* _What to do_: Please reproduce all of the listing below exactly and drop its images.

* _Provided material_:
━━━

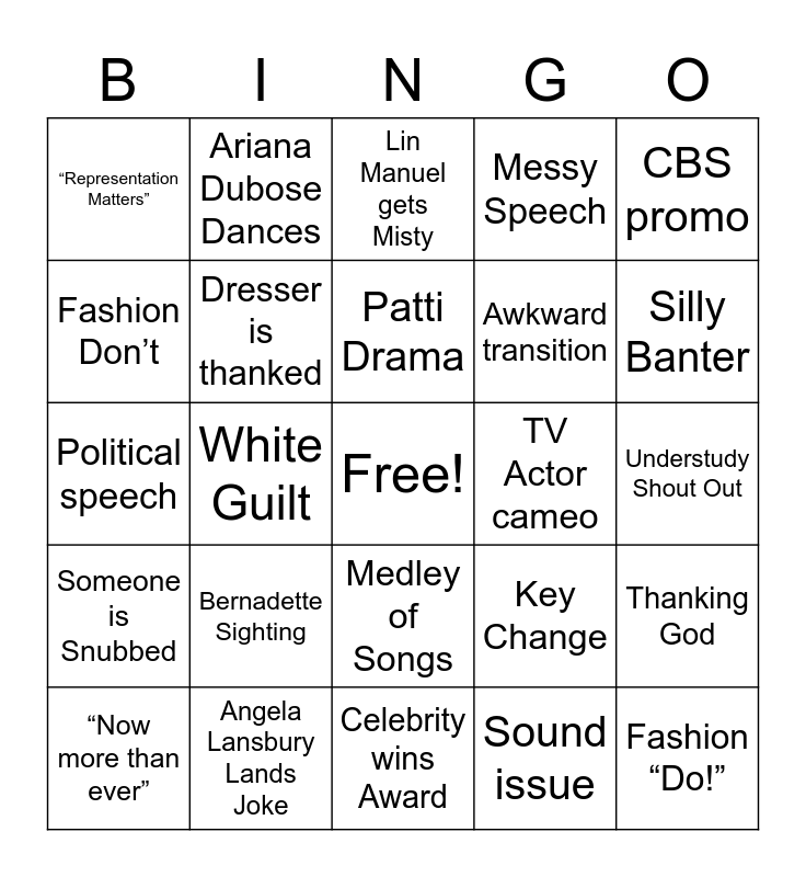 This bingo card has a free space and 24 words: Bernadette Sighting, Angela Lansbury Lands Joke, Patti Drama, “Now more than ever”, CBS promo, “Representation Matters”, Fashion Don’t, Ariana Dubose Dances, TV Actor cameo, Medley of Songs, Awkward transition, Political speech, Key Change, Thanking God, Dresser is thanked, Sound issue, Understudy Shout Out, Lin Manuel gets Misty, Silly Banter, White Guilt, Fashion “Do!”, Someone is Snubbed, Messy Speech and Celebrity wins Award.
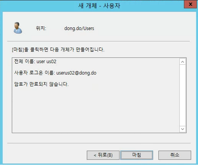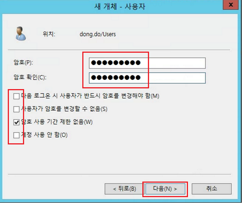 사용자 계정 패스워드의 옵션은 보안정책에 따라 체크하여 변경
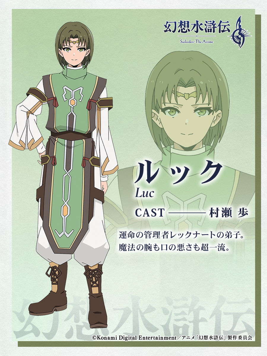 由 KONAMI 於 1998 年基於中國四大奇書《水滸傳》改編的經典角色扮演遊戲在先前宣布將推出改編動畫的消息。故事發生在前作《幻想水滸傳》三年後,將故事舞台移至赤月帝國北方的裘斯頓都市同盟,講述兩個擁有「始之紋章」的男孩由朋友變成敵人的宿命對決故事。5 日《幻想水滸傳》公開了動畫首部 PV,並確認將於 10 月開播的消息,也同步公開了動畫角色們的聲優配音陣容。

━━━

* _Task output_:
 This bingo card has a free space and 24 words: Bernadette Sighting, Angela Lansbury Lands Joke, Patti Drama, “Now more than ever”, CBS promo, “Representation Matters”, Fashion Don’t, Ariana Dubose Dances, TV Actor cameo, Medley of Songs, Awkward transition, Political speech, Key Change, Thanking God, Dresser is thanked, Sound issue, Understudy Shout Out, Lin Manuel gets Misty, Silly Banter, White Guilt, Fashion “Do!”, Someone is Snubbed, Messy Speech and Celebrity wins Award.
 사용자 계정 패스워드의 옵션은 보안정책에 따라 체크하여 변경
 由 KONAMI 於 1998 年基於中國四大奇書《水滸傳》改編的經典角色扮演遊戲在先前宣布將推出改編動畫的消息。故事發生在前作《幻想水滸傳》三年後,將故事舞台移至赤月帝國北方的裘斯頓都市同盟,講述兩個擁有「始之紋章」的男孩由朋友變成敵人的宿命對決故事。5 日《幻想水滸傳》公開了動畫首部 PV,並確認將於 10 月開播的消息,也同步公開了動畫角色們的聲優配音陣容。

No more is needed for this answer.